──────── DATASET ────────

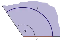 L'unité internationale de mesure des angles est cependant le radian, défini comme le rapport entre la longueur de l'arc intercepté et le rayon du cercle. Le tour complet correspond donc à radians.
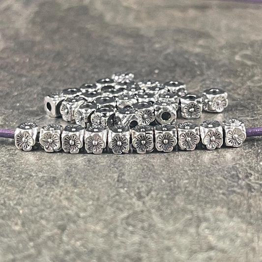 Antiqued Silver Large Hole Square with Flowers, 4mm Cube with 1.8mm Hole (YW0001-17A) * Qty. 50
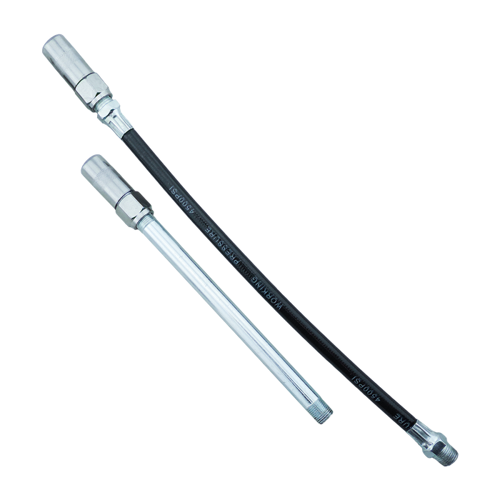 Designed with a durable powder-coated metal body, this robust unit delivers up to 4500 PSI (310 Bar) of pressure, making it ideal for heavy-duty greasing tasks. It features a fast-action pistol grip lever with a soft rubber handle, allowing for smooth, one-handed operation without fatigue. For added versatility, it includes both a 140mm steel extension with coupler and a 250mm flexible hose with coupler, interchangeable between multiple outlets, giving you access to hard-to-reach fittings. The knurled barrel ensures a firm grip during use and easy refilling, while the four-jaw couplers offer secure, leak-free connections. Compatible with 450g grease cartridges, this can be bulk loaded, suction filled, or hand filled.
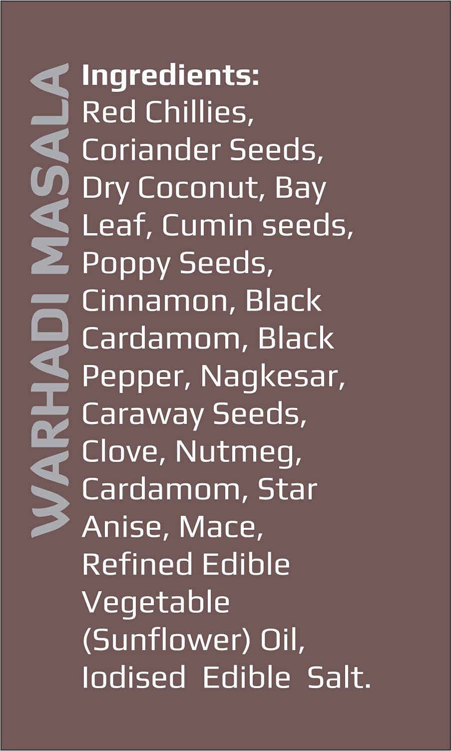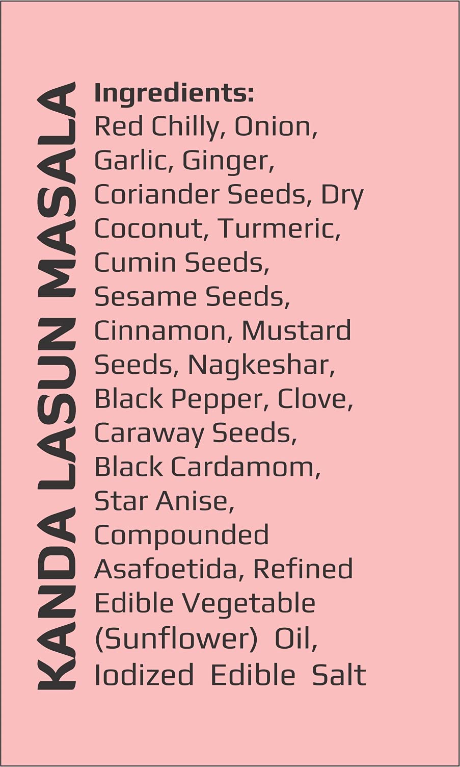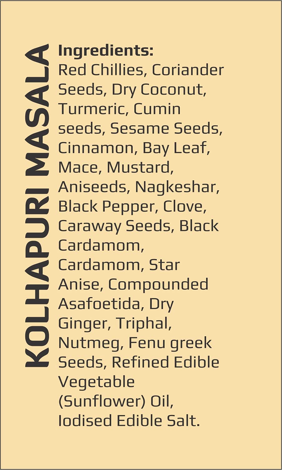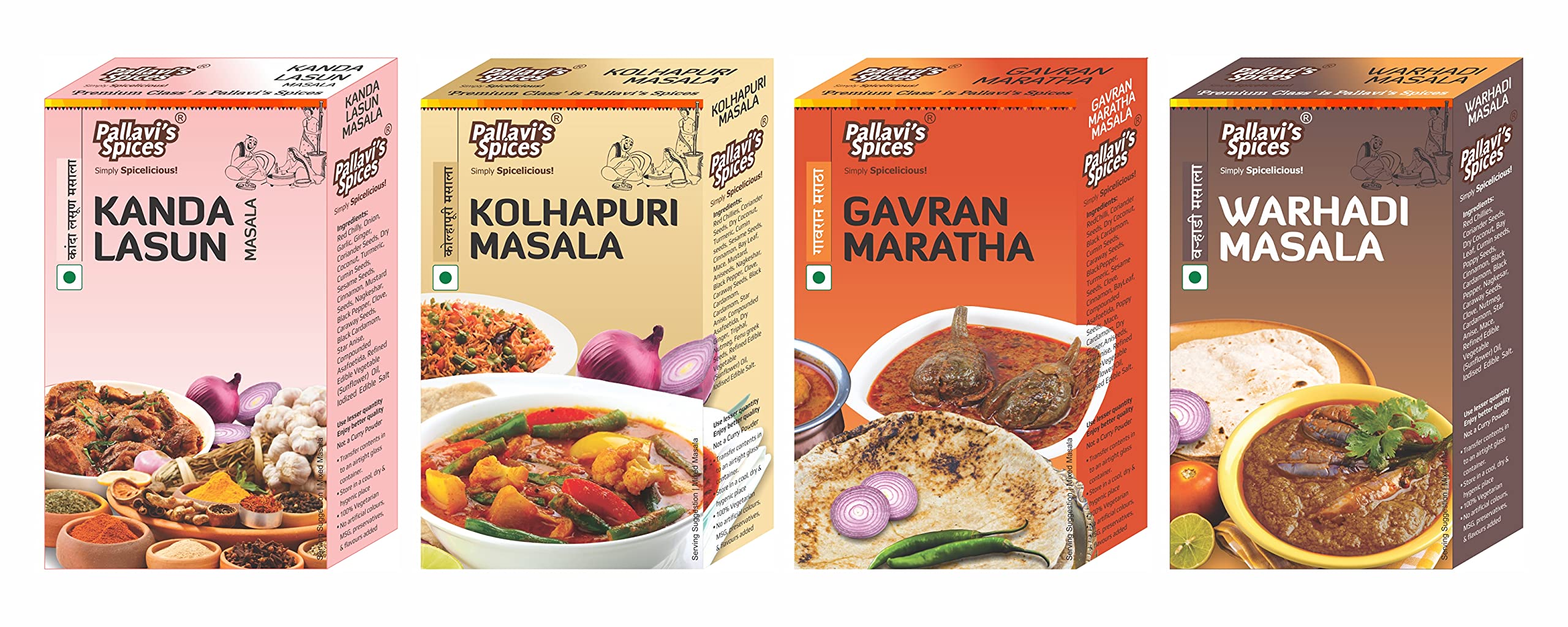 List of Included Items: 1 Spices Kanda Lasun Masala 1 Kolhapuri Masala 1 Gavran Maratha Masala and1 Warhadi Masala (50 g each)
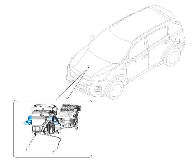| 1. Spritzwasserkanal [LH] 2. Modus-Stellantrieb 3. Temperatur-Stellantrieb (links) 4. PTC-Heizungseinheit 5. Wärmetauscherabdeckung 6. Wärmetauscher 7. Heizungskasten [links] 8. Konsolengehäuse 9. Geräuschdämmung 10. Temperaturklappe 11. Bodenklappeneinheit [LH] 12. Belüftungsklappe [LH] 13. Mittlere Kanaldichtung 14. Verdampferkern-Einheit |
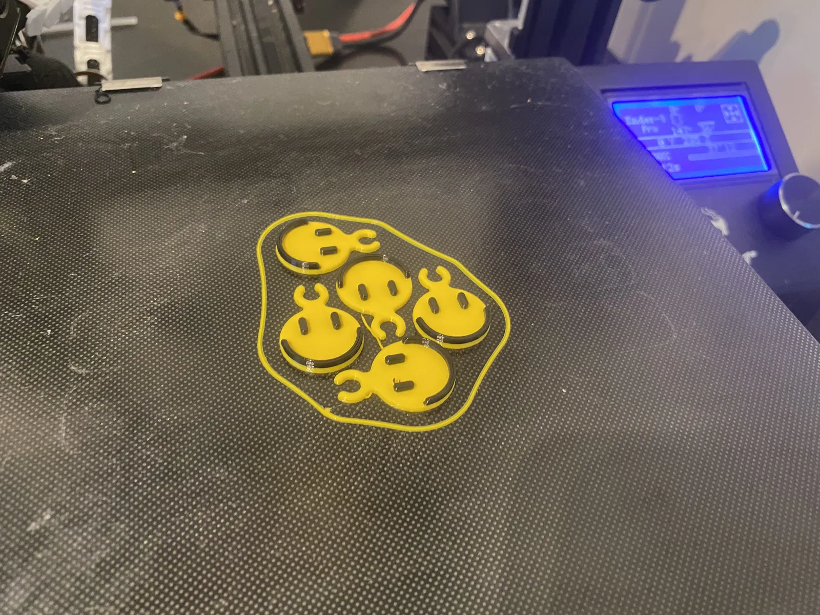 Để in được 2 màu cho cái mặt cười nó nổi bật, bạn tạm dừng máy sau 7 lớp rồi đổi màu là được.
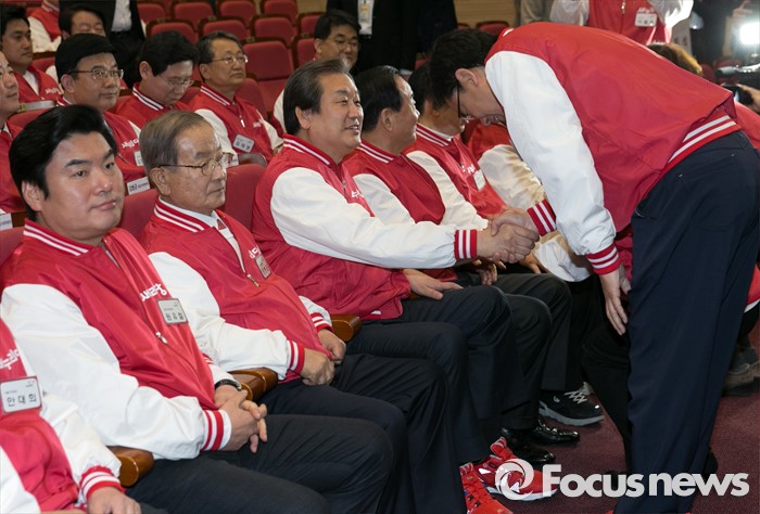 (서울=포커스뉴스) 28일 오후 서울 여의도 국회 의원회관에서 열린 새누리당 20대 총선 공천자대회에 참석한 김무성(왼쪽 세번째) 공동선대위원장과 한 후보가 인사하고 있다.
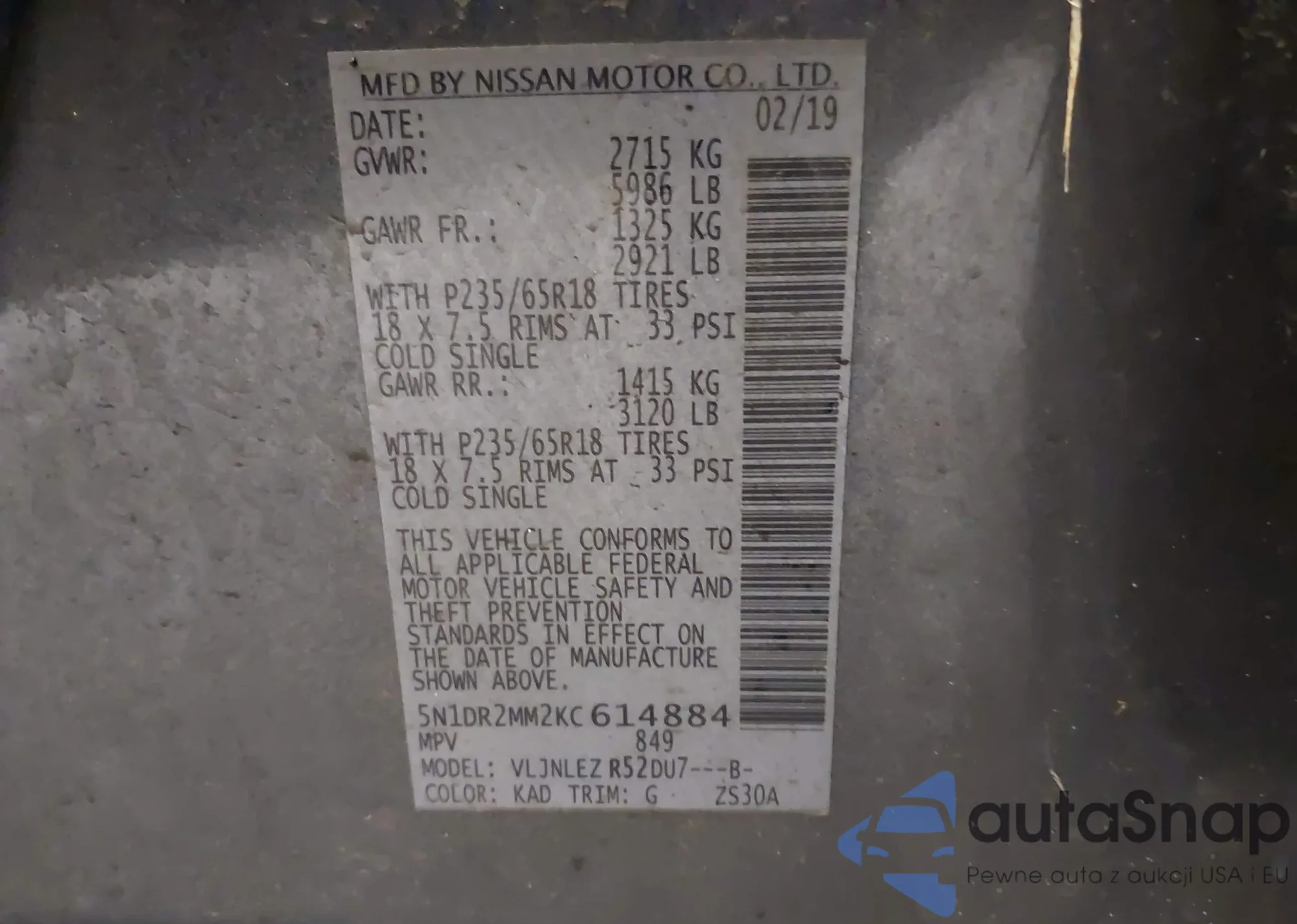 LOT: 44076965 VIN: 5N1DR2MM2KC614884
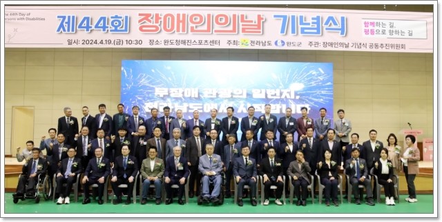 전라남도(도지사 김영록)는 19일 완도청해진스포츠센터에서 제44회 장애인의 날 기념식을 개최하고 장애인과 비장애인이 차별 없이 함께 사는 사회를 만들 것을 다짐했다.
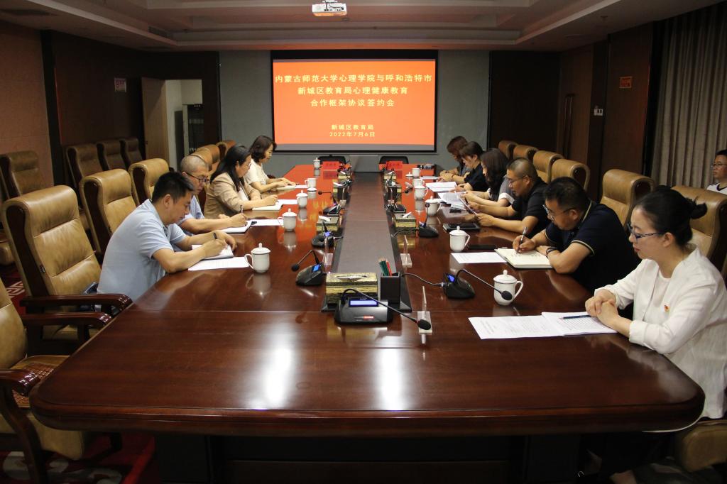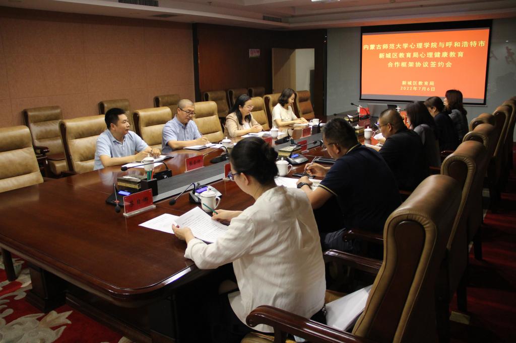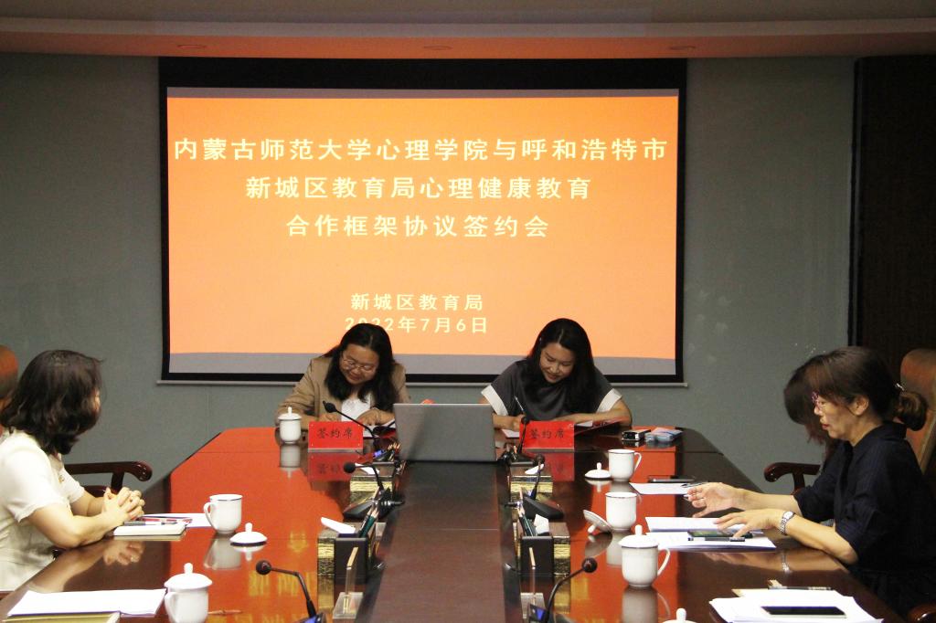 为进一步加强实践教学,提升人才培养质量,促进毕业生高质量就业,发挥学科专业优势,助力社会心理服务体系建设,7月6日下午,bat365官网与新城区教育局心理健康教育合作框架协议签约暨bat365官方官网教育实践与就业基地挂牌仪式隆重举行。新城区教育局党组书记、局长黄咏梅,新城区教育局副局长商辉、郝素兰、卜二军,新城区教育局机关纪委书记武爱珍;bat365官方官网院长乌云特娜,院党委副书记、副院长张晓阳,心理学系系主任杨晓峰,学生工作与就业办公室主任张金钟等参加会议。

────────

◆ **ACTIVITY**
No pictures belong in the answer, only the lines from the top of the listing through the line containing "Antiqued Silver Large", repeated word for word.

◆ **EXERCISE RESULT**
 L'unité internationale de mesure des angles est cependant le radian, défini comme le rapport entre la longueur de l'arc intercepté et le rayon du cercle. Le tour complet correspond donc à radians.
 Antiqued Silver Large Hole Square with Flowers, 4mm Cube with 1.8mm Hole (YW0001-17A) * Qty. 50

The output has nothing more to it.